Search code examples
c#indexingapi-designin-memory-database

Type safety of indexed columns in an in-memory database


Root of the problem: I want to design a database entity member indexing API that does not require repetition in the model definition and maintains a reasonable level of type safety.

Drawn-out explanation: I have a basic in-memory database of people. Each person has a full name and the key of their favorite celebrity in the table.

public class IMDB
{
    public Dictionary<int, Person> people;
}

public class Person
{
    public string firstname;
    public string lastname;
    public int favoriteCelebrityID;
}

Now celebrities want to be able to quickly find their fans through favoriteCelebrityID. An index is obvious, and thinking to the future, I made this interface:

public class IMDB
{
    public Dictionary<int, Person> people;

    private Dictionary<object, Dictionary<int, int>> _rowContents;
    private Dictionary<object, Dictionary<int, List<int>>> _rowIndex;

    // Returns the ID field in the given row.
    public int RelatedID(int rowID, object field) { ... }

    // Returns the ID of each rows with the given key in its field.
    public List<int> IDRelatedIDs(int key, object field) { ... }

    // Setter for the field. Maintains the index.
    public void SetRelatedID(int rowID, int key, object field) { ... }
}

public class Person
{
    public enum IndexedFields
    {
        FavoriteCelebrityID
    }

    public string firstName;
    public string lastName;
}

The benefits I saw:

  • Static type safety at the API level, aside from passing in object.
  • Easy to make an enum for indexed keys in any new tables.
  • No field names repeated in the Person model.

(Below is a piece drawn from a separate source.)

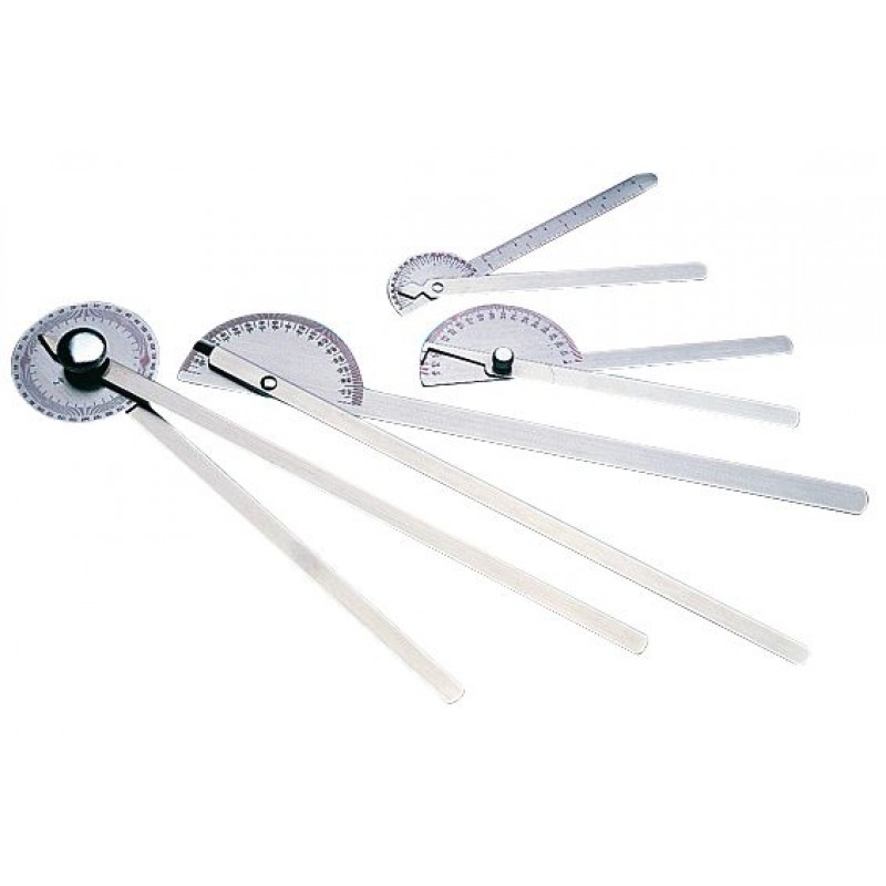długość 35 cm, zakres pomiaru 360°, podziałka pomiaru co 1°, dwie skale pomiaru, możliwość regulacji oporu ruchu ramion pomiarowych, możliwość zablokowania położenia ramion |

But now I need to index the string lastName too, so I can find families. This is where I'm stuck. My best idea is to implement a triplet of index methods for each data type:

public class IMDB
{
    ...
    public int IDRelatedID(int rowID, object field) { ... }
    public List<int> IDRelatedIDs(int key, object field) { ... }
    public void SetRelatedID(int rowID, int key, object field) { ... }

    public string IDRelatedString(int rowID, object field) { ... }
    public List<int> StringRelatedIDs(string key, object field) { ... }
    public void SetRelatedString(int rowID, string key, object field) { ... }
}

public class Person
{
    public enum IndexedIDs
    {
        FavoriteCelebrityID
    }

    public enum IndexedStrings
    {
        LastName
    }

    public string firstName;
}

But now there's the potential to accidentally put an IndexedStrings entry into IDRelatedID, which can only be detected at runtime.

Is there a way to expose a member indexing API that:

  • Does not require repetition in the model definitions?
  • Maintains a reasonable level of type safety?

I'm wary of proxy objects mostly due to efficiency concerns, but resources that explain how to make an efficient proxy would be great!


Solution

  • I may have figured out a good solution using generics:

    public class IMDB
    {
        public Dictionary<int, Person> people;
    
        public T RelatedID<T>(int id, IndexedMember<T> field) { ... }
        public List<T> IDRelatedIDs<T>(int key, IndexedMember<T> field) { ... }
        public void SetRelatedID<T>(int id, T newVal, IndexedMember<T> field) { ... }
    }
    
    public class Person
    {
        // "new IndexedMember<int>()" to initialize before first access, or
        // init upon startup (using some other manifest already maintained)
        // for less verbosity.
        public static IndexedMember<int> favoriteCelebrityID;
        public static IndexedMember<string> lastName;
        public string firstName;
    }
    
    public class IndexedMember<T>
    {
        // ...
    }
    

    If I can implement this I'll be very satisfied with it, but any improvements or alternate solutions are always welcome.